### Exercise objective
Below is a listing from which only part is wanted; return exactly the lines from the one with "소 뺨가죽은 다른 부위에" up to and including the one with "Two-Bedroom Apartment. Guests".

### Exercise materials
^^^^^^^^^^^^^^^^

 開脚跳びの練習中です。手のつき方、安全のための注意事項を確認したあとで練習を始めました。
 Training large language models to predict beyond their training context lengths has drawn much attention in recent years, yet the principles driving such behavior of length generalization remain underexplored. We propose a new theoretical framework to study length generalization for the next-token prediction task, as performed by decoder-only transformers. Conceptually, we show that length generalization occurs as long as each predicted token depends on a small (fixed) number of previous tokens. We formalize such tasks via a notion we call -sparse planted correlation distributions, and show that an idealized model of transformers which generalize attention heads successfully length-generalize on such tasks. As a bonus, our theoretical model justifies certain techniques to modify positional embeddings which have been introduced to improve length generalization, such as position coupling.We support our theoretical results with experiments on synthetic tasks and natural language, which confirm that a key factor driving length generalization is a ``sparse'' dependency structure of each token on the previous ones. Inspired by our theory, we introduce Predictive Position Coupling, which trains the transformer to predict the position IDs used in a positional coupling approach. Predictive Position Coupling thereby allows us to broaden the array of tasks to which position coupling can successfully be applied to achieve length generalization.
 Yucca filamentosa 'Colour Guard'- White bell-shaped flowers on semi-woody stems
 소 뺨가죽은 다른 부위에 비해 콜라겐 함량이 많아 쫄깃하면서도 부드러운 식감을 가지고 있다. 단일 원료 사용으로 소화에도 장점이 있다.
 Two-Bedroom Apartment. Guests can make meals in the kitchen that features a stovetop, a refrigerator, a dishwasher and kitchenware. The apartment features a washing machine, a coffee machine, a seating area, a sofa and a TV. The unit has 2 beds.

^^^^^^^^^^^^^^^^

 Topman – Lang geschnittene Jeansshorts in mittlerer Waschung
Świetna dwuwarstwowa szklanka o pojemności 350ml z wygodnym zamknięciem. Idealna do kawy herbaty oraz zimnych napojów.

^^^^^^^^^^^^^^^^

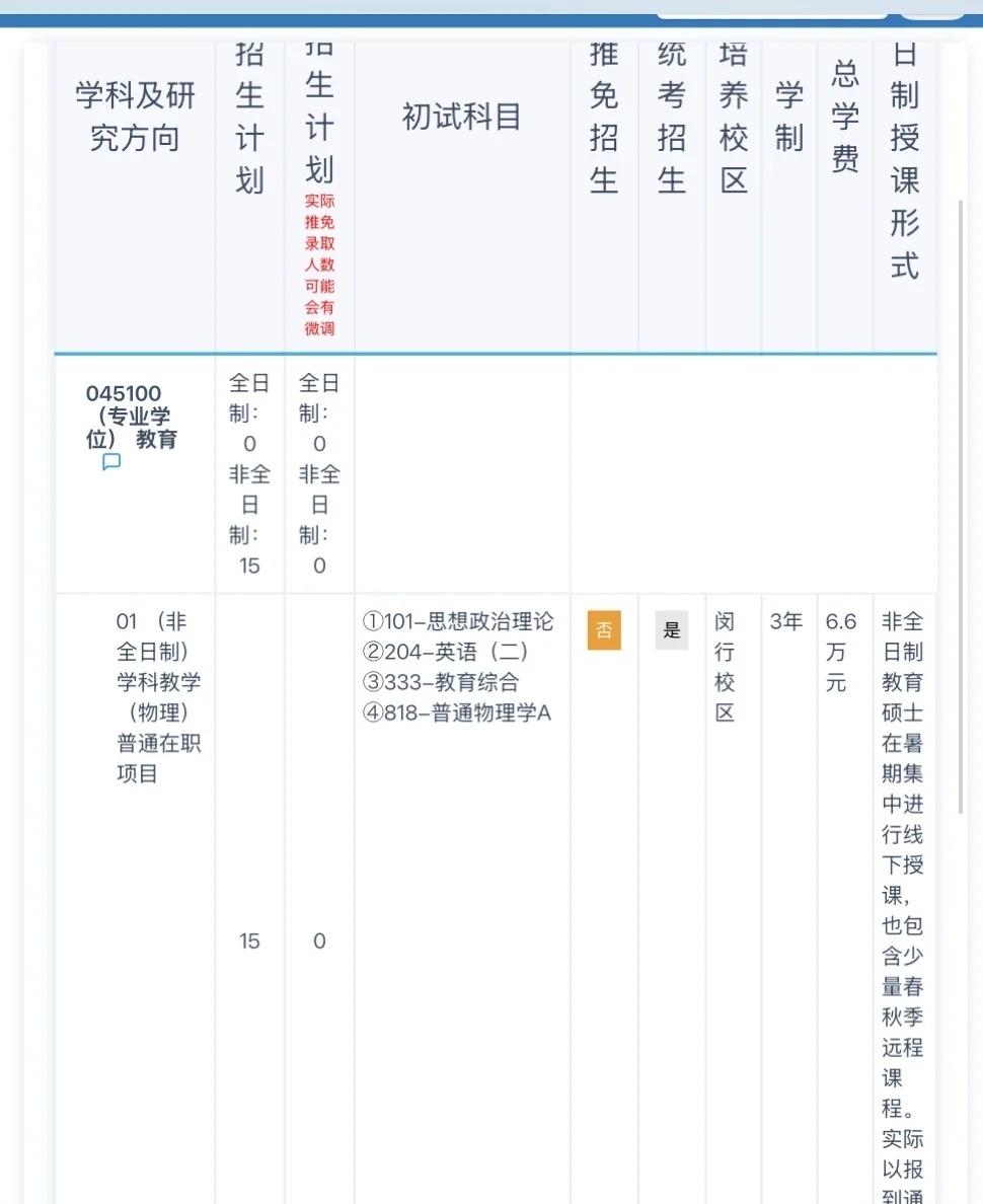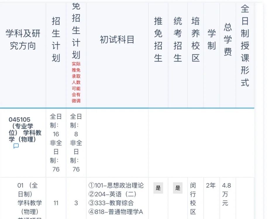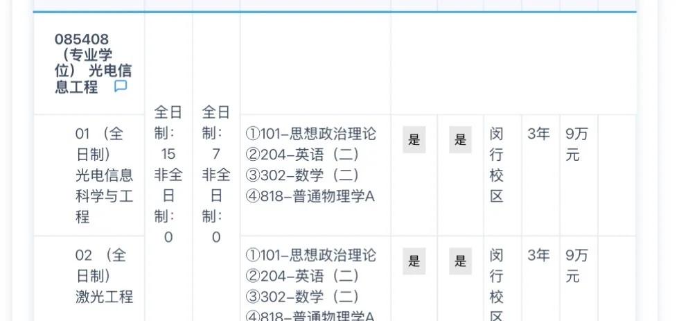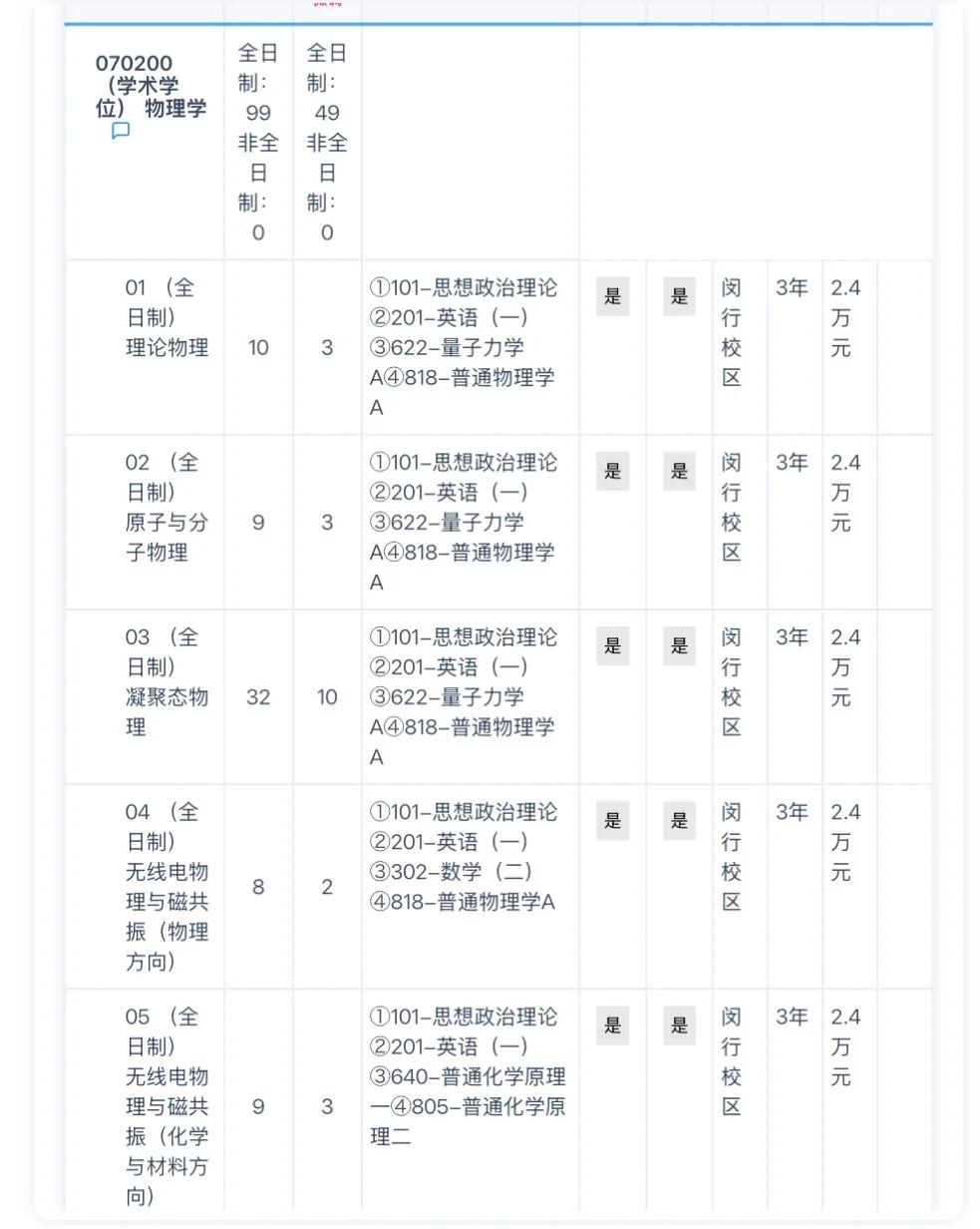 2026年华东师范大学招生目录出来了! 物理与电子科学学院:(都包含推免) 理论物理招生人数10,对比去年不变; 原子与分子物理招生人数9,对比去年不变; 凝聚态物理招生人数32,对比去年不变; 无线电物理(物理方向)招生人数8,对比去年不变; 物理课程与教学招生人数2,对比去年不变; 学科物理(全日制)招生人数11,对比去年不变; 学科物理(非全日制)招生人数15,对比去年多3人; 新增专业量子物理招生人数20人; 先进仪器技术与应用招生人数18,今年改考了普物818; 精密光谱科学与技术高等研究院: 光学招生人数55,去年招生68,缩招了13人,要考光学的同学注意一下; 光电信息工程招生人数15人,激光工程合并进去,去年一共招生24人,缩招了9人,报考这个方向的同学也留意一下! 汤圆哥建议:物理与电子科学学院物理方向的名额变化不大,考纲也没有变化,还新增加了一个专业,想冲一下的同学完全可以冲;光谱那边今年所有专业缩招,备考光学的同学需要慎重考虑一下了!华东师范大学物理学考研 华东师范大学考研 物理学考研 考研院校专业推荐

^^^^^^^^^^^^^^^^

### Task result
 소 뺨가죽은 다른 부위에 비해 콜라겐 함량이 많아 쫄깃하면서도 부드러운 식감을 가지고 있다. 단일 원료 사용으로 소화에도 장점이 있다.
 Two-Bedroom Apartment. Guests can make meals in the kitchen that features a stovetop, a refrigerator, a dishwasher and kitchenware. The apartment features a washing machine, a coffee machine, a seating area, a sofa and a TV. The unit has 2 beds.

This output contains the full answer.